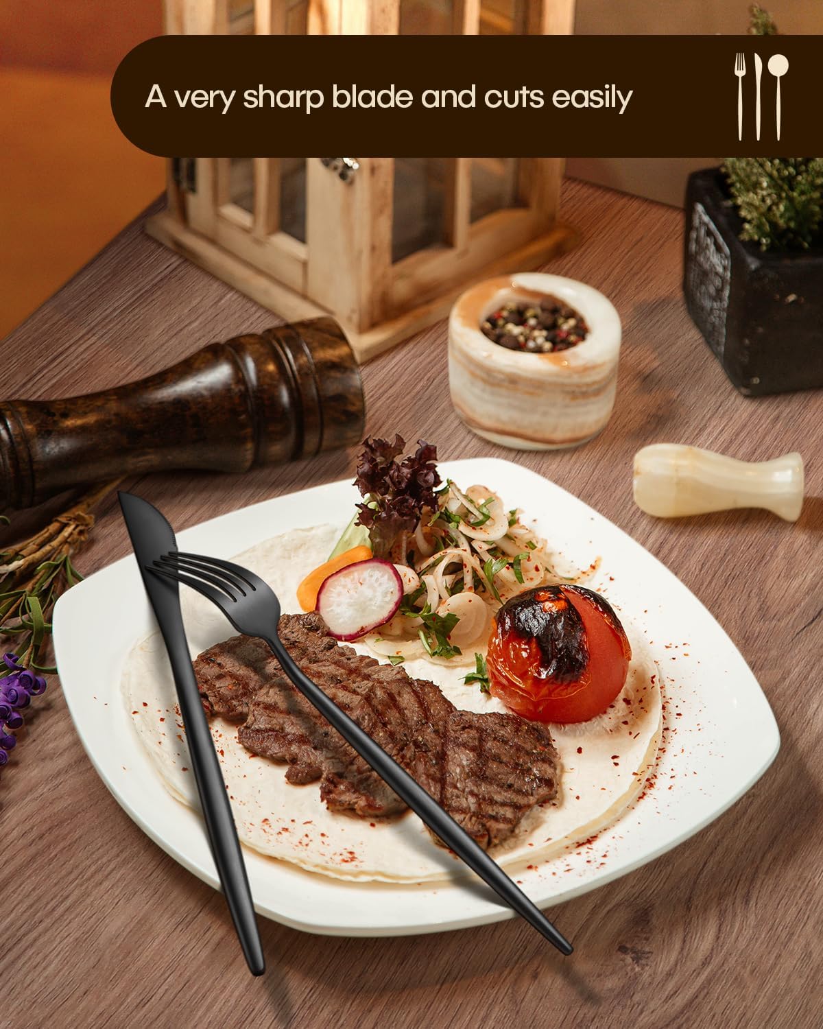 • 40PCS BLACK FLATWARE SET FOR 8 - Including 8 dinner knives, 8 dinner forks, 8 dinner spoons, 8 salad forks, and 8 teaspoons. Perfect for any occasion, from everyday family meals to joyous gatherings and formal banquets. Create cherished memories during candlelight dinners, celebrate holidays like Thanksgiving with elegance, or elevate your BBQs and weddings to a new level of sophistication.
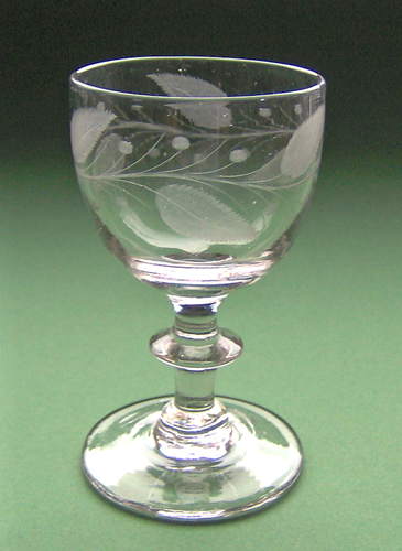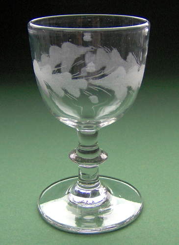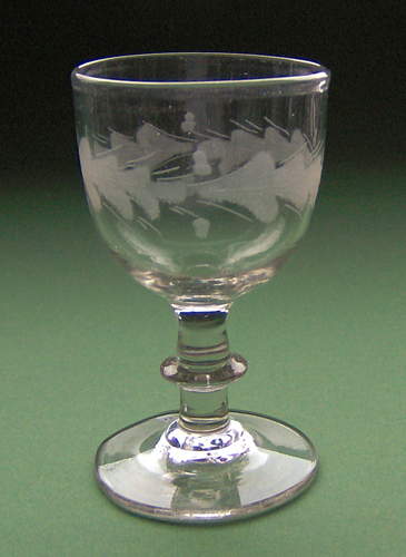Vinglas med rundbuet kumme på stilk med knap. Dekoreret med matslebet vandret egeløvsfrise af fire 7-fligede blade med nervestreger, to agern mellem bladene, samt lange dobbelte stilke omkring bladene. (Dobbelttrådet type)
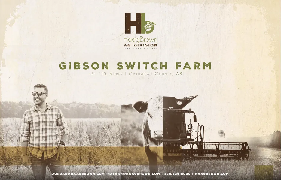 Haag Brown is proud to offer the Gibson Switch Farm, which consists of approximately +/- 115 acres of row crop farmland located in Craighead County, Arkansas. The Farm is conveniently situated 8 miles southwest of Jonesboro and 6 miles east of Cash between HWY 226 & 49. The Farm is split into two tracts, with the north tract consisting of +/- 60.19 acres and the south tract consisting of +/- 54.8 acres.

★ ★ ★ ★ ★

:: GOAL OF THE EXERCISE ::
Transcribe the whole listing above exactly and leave out the pictures.

:: SOLUTION FOR THIS TASK ::
 • 40PCS BLACK FLATWARE SET FOR 8 - Including 8 dinner knives, 8 dinner forks, 8 dinner spoons, 8 salad forks, and 8 teaspoons. Perfect for any occasion, from everyday family meals to joyous gatherings and formal banquets. Create cherished memories during candlelight dinners, celebrate holidays like Thanksgiving with elegance, or elevate your BBQs and weddings to a new level of sophistication.
Vinglas med rundbuet kumme på stilk med knap. Dekoreret med matslebet vandret egeløvsfrise af fire 7-fligede blade med nervestreger, to agern mellem bladene, samt lange dobbelte stilke omkring bladene. (Dobbelttrådet type)
 Haag Brown is proud to offer the Gibson Switch Farm, which consists of approximately +/- 115 acres of row crop farmland located in Craighead County, Arkansas. The Farm is conveniently situated 8 miles southwest of Jonesboro and 6 miles east of Cash between HWY 226 & 49. The Farm is split into two tracts, with the north tract consisting of +/- 60.19 acres and the south tract consisting of +/- 54.8 acres.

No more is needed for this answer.